━━━━━ RECORDS FOR THIS EXERCISE ━━━━━
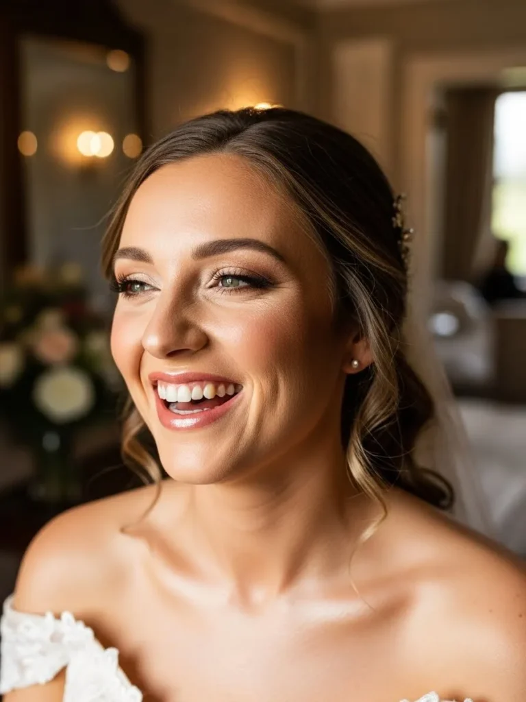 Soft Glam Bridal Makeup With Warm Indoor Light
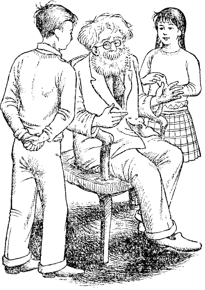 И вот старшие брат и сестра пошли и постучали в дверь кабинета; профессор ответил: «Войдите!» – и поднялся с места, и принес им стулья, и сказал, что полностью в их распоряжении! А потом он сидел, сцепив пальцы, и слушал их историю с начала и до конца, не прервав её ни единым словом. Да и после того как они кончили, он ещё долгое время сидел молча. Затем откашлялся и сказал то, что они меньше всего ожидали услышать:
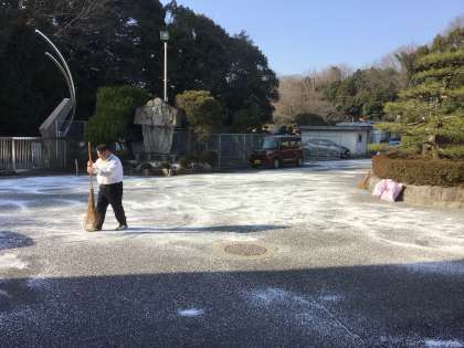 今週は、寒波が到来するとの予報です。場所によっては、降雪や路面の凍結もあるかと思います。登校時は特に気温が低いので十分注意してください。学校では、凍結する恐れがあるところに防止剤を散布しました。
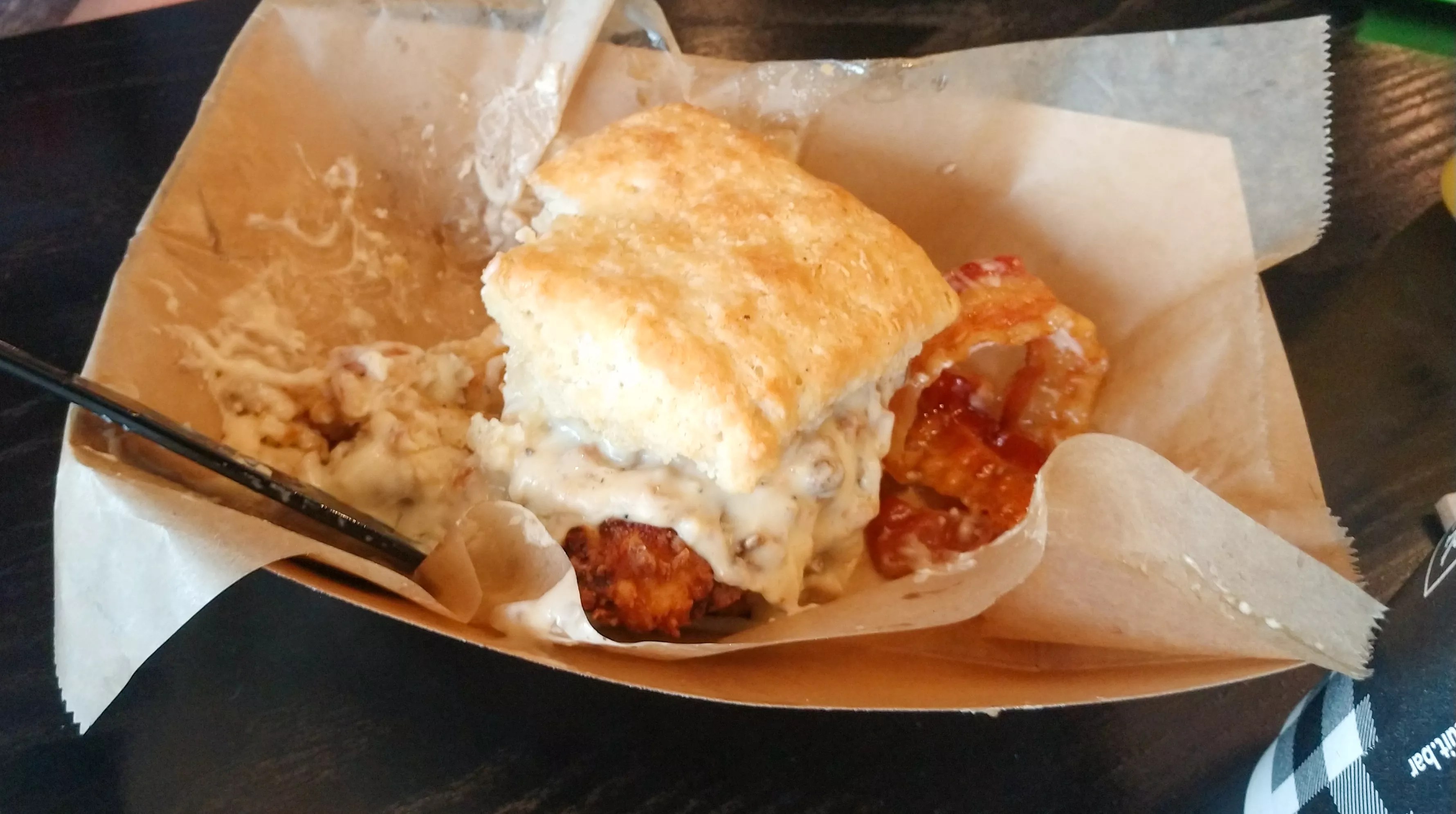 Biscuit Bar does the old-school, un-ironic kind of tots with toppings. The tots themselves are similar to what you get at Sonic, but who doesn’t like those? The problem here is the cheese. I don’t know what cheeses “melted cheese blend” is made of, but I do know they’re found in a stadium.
━━━━━
━━━━━ RECORDS FOR THIS EXERCISE ━━━━━
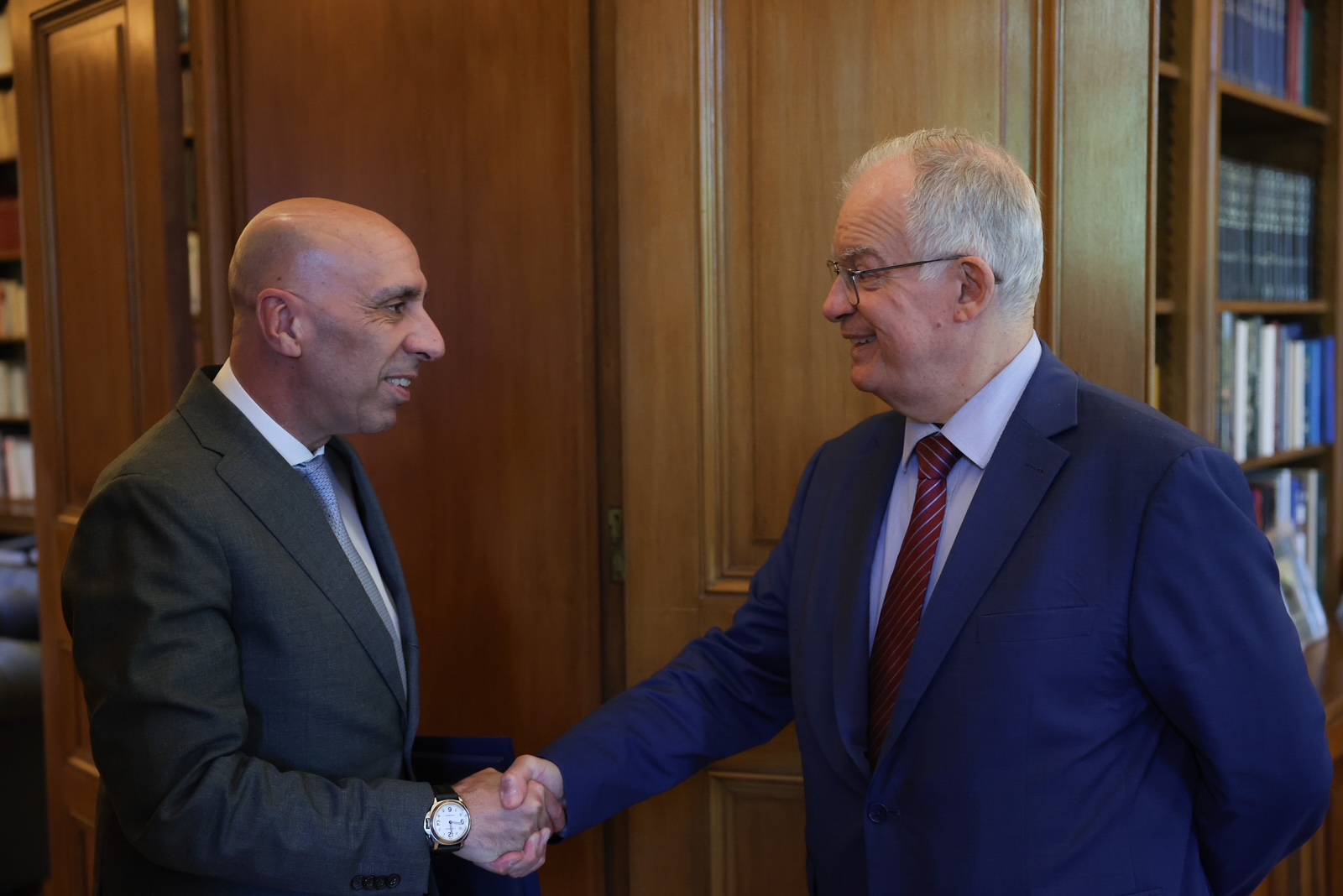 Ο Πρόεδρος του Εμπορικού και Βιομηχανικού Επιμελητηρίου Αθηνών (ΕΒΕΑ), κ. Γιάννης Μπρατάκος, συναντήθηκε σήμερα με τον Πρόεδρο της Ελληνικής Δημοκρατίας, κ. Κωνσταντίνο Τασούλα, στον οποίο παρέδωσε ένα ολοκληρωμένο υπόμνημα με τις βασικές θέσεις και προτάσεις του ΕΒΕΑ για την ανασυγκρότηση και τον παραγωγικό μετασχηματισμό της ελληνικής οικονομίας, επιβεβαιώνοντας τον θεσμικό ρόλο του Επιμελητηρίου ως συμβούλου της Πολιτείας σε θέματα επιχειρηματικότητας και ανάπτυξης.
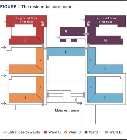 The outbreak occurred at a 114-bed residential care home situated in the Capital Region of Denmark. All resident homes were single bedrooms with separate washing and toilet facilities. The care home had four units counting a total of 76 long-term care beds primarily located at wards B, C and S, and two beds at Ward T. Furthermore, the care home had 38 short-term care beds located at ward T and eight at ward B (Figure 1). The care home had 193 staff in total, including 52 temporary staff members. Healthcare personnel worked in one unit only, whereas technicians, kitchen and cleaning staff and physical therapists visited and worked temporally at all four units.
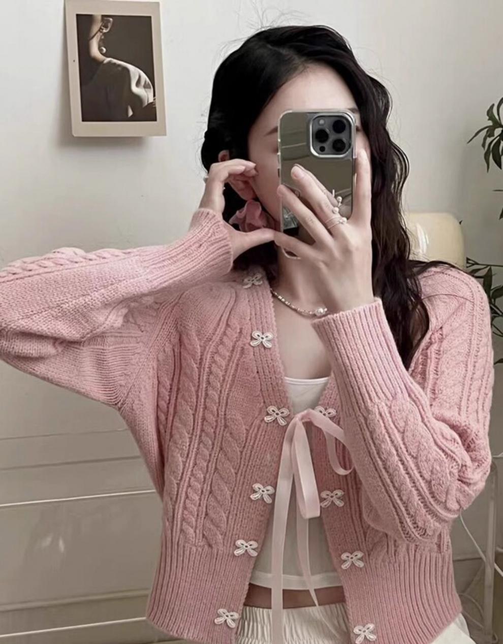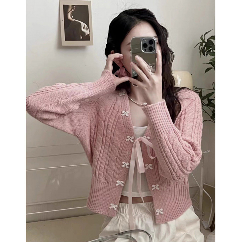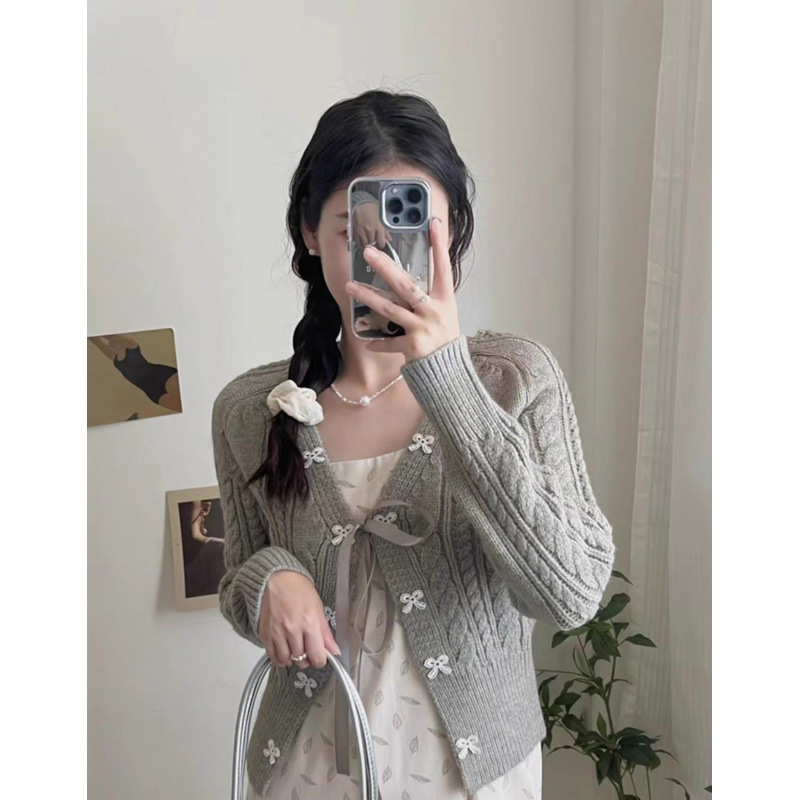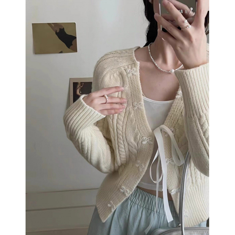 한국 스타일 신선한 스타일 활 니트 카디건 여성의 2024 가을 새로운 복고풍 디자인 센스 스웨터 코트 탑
━━━━━
▸ PROBLEM REQUIREMENTS:
Please set down, exactly and with no pictures, the lines in the entries above starting at the one holding "Ο Πρόεδρος του" and ending at the one holding "한국 스타일 신선한 스타일", ends included.

▸ RESULT:
 Ο Πρόεδρος του Εμπορικού και Βιομηχανικού Επιμελητηρίου Αθηνών (ΕΒΕΑ), κ. Γιάννης Μπρατάκος, συναντήθηκε σήμερα με τον Πρόεδρο της Ελληνικής Δημοκρατίας, κ. Κωνσταντίνο Τασούλα, στον οποίο παρέδωσε ένα ολοκληρωμένο υπόμνημα με τις βασικές θέσεις και προτάσεις του ΕΒΕΑ για την ανασυγκρότηση και τον παραγωγικό μετασχηματισμό της ελληνικής οικονομίας, επιβεβαιώνοντας τον θεσμικό ρόλο του Επιμελητηρίου ως συμβούλου της Πολιτείας σε θέματα επιχειρηματικότητας και ανάπτυξης.
 The outbreak occurred at a 114-bed residential care home situated in the Capital Region of Denmark. All resident homes were single bedrooms with separate washing and toilet facilities. The care home had four units counting a total of 76 long-term care beds primarily located at wards B, C and S, and two beds at Ward T. Furthermore, the care home had 38 short-term care beds located at ward T and eight at ward B (Figure 1). The care home had 193 staff in total, including 52 temporary staff members. Healthcare personnel worked in one unit only, whereas technicians, kitchen and cleaning staff and physical therapists visited and worked temporally at all four units.
 한국 스타일 신선한 스타일 활 니트 카디건 여성의 2024 가을 새로운 복고풍 디자인 센스 스웨터 코트 탑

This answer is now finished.